- **The task**
Recreate the listing that follows line for line, without pictures.

=== Stored data ===

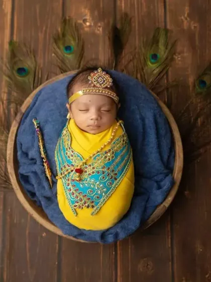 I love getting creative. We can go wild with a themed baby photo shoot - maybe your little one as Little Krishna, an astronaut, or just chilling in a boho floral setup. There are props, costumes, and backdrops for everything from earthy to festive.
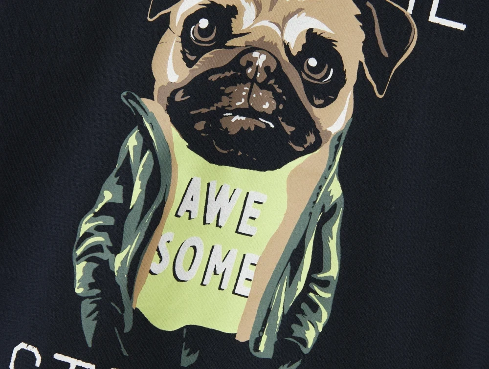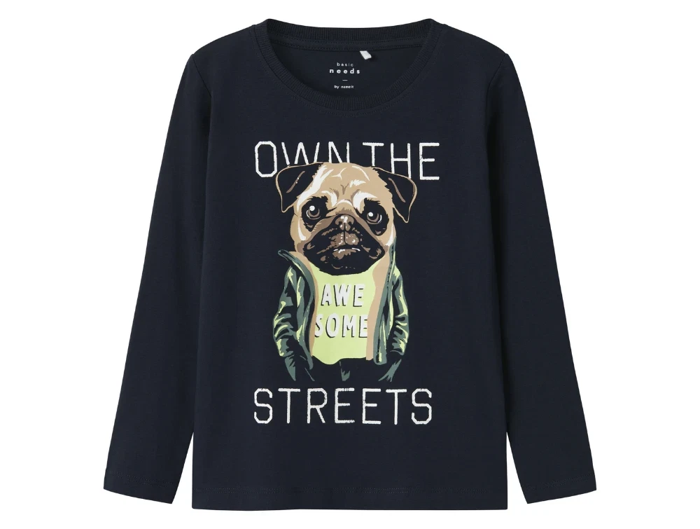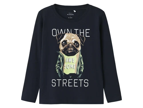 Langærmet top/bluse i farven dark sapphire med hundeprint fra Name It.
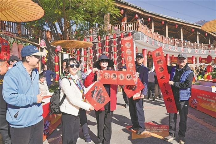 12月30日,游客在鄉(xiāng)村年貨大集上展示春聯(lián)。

===

- **Result**
 I love getting creative. We can go wild with a themed baby photo shoot - maybe your little one as Little Krishna, an astronaut, or just chilling in a boho floral setup. There are props, costumes, and backdrops for everything from earthy to festive.
 Langærmet top/bluse i farven dark sapphire med hundeprint fra Name It.
 12月30日,游客在鄉(xiāng)村年貨大集上展示春聯(lián)。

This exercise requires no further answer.